High school in New Mexico, United States

Thoreau High School is a public high school in Thoreau, New Mexico. It is a part of Gallup-McKinley County Schools.

Communities in its boundary include Thoreau, Continental Divide, Prewitt, and Smith Lake.

==History==
In 1964 the Navajo Tribal Council's advisory committee voted to allow for fewer than 80 acre of land in Thoreau for the school district so it could establish Thoreau High School there; the tribe would get the land back the moment the land is not used for education purposes. The land was to include apartment buildings for faculty.

The high school began in 1965 with grade 9, with other years added later. While an elementary school existed in the area previously, the number of students made the community decide it wanted a local high school. Previously area Native Americans attended boarding schools elsewhere. By 1969, enrollment exceeded 400, and the teaching staff numbered 21. Over 75% of the students were Native Americans. The proposal was for 28000 sqft of building area.

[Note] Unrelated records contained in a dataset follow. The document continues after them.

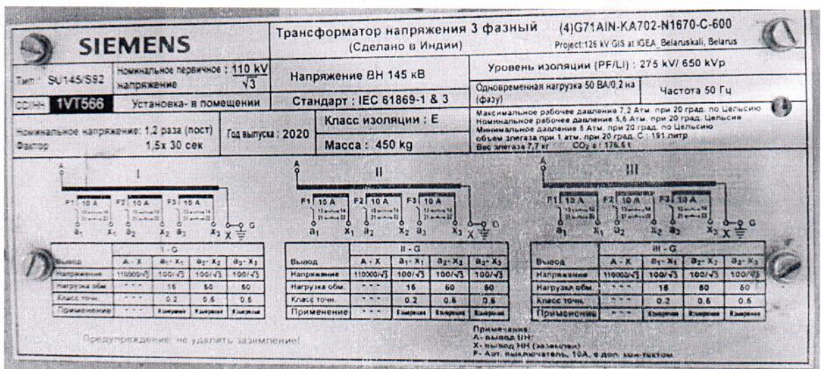
Рисунок 1.2 – Фотография маркировки трансформатора напряжения SU145/S92 № 1VT566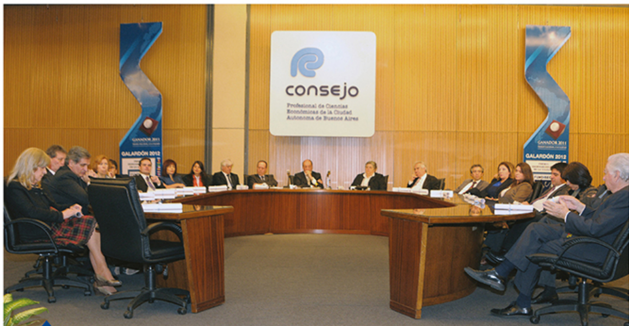
El nuevo Consejo Directivo que conducirá la Institución durante los próximos tres años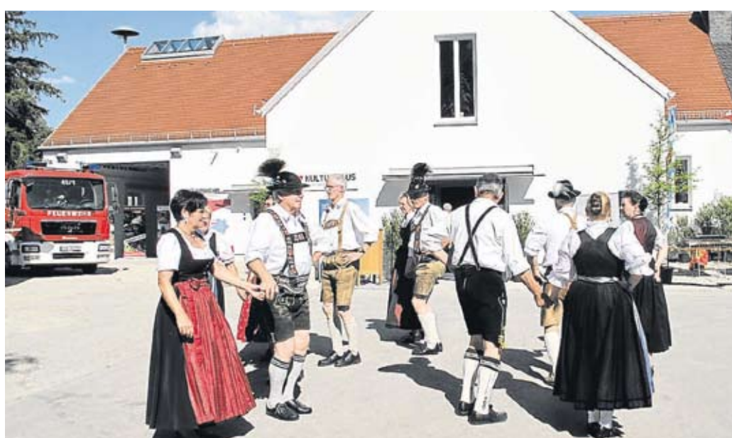
Die „Eschenrieder Tanzmusi“ vor dem renovierten Kulturhaus.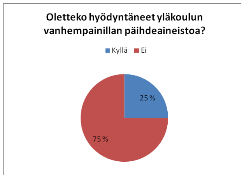
Kuvio7: Vanhempainillan päihdeaineisto 2.

Kysymys 11 oli: Oletteko hyödyntäneet edellä mainittua aineistoa?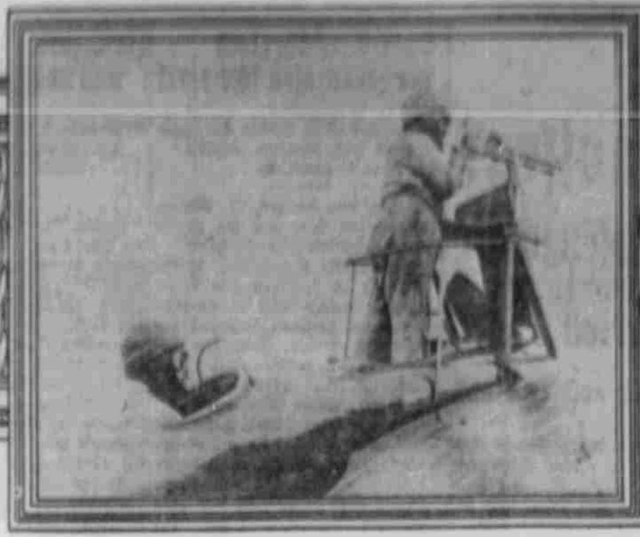
Maschinengeschütz auf dem Flugzeug.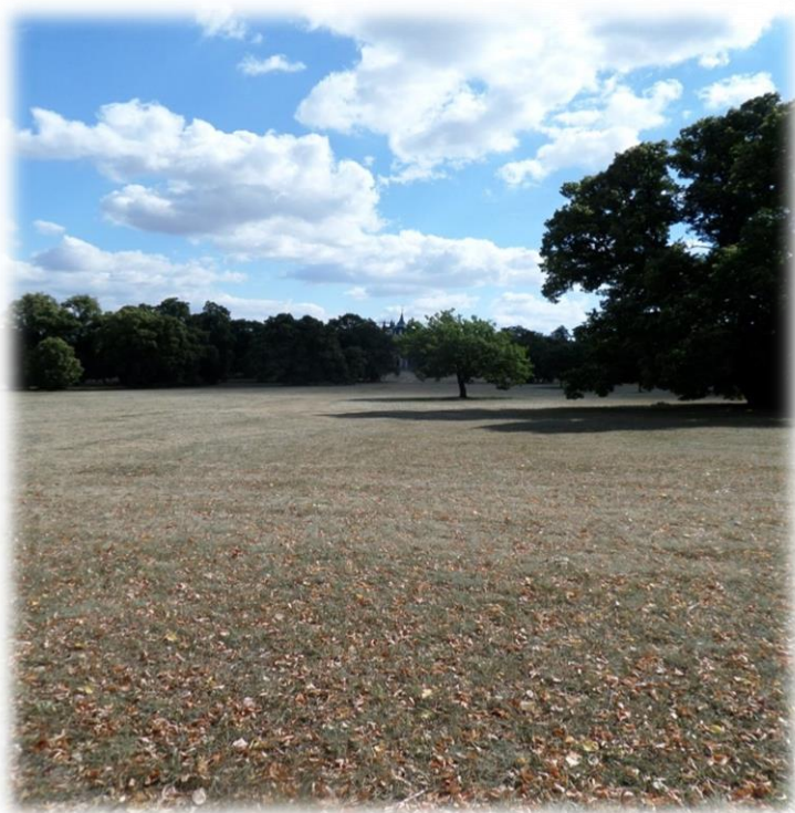
Obrázek 31a - Velká louka u Gotické věže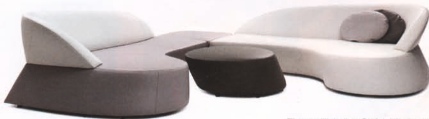
Eigenwillig: das Sofa „Morena“.

Modern, voluminös und wohnlich lädt „Pure Elements“ zum gemeinschaftlichen Verweilen ein. Entworfen von dem Designerteam Schnabel / Schneider bietet „Pure Elements“ durch die modular zusammenstellbaren Anbauelemente beinahe unendlich viele Gestaltungsmöglichkeiten. Drei Sitzelemente, drei Rückenlehnen und drei Armlehnen werden ergänzt durch ein 30°-Sitzelement, einen Couch- und einen Beistelltisch sowie ein 30°-Tischelement, welches zwischen den einzelnen Sitzelementen in die Gruppe integriert wird.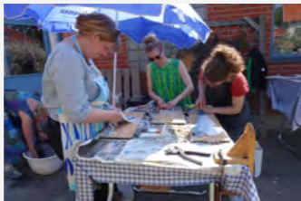
Tannerie peau de silure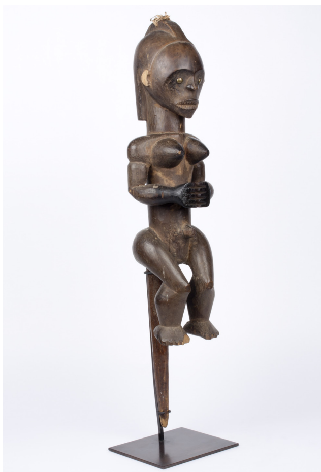
Figura 1. Talla femenina byeri , o guardián del relicario, fechada en el tránsito del siglo XIX al XX, y relacionada con el culto a los antepasados de los fang. N.º de inventario Museo Nacional de Antropología (MNA): CE11789.

Una de las primeras monografías sobre los fang, con un pretendido carácter científico y/o etnográfico, es la de Gunter Tëssmann. Escrita en 1912 y publicada en 1913, es el resultado del trabajo de campo del alemán entre los entonces «pamúes» durante los años 1907 a 1909. En esta extensa obra ofrece una descripción detallada de la cultura fang en todos sus aspectos. Incluso, se plantea la necesidad de ofrecer una visión cierta y contrastada mediante un método etnográfico válido que arroje luz sobre los fang. En sus páginas encontramos referencias constantes al papel de la mujer en determinados aspectos de la vida fang, incluyendo capítulos dedicados a la sexualidad o al parentesco. Sin embargo,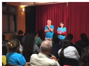
Médicos de Pediatria, Cardiologia e Pneumologia, debatendo e esclarecendo as temáticas abordadas nos sketches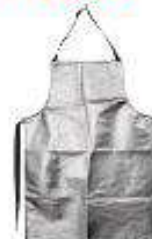
Mandil rayon aluminizado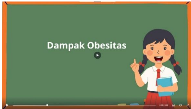
Penjelasan dampak obesitas

The GMCS board of trustees began to quarrel with the architectural form, Kruger, Lake, and Henderson, because the federal government had delayed approving the architectural plans for the school on the basis of ensuring the school had enough sources of water. Construction ended in the 1967–1968 school year.

==Campus==
The field used for American football games was spearheaded by the school's booster club, and members of the local community built it.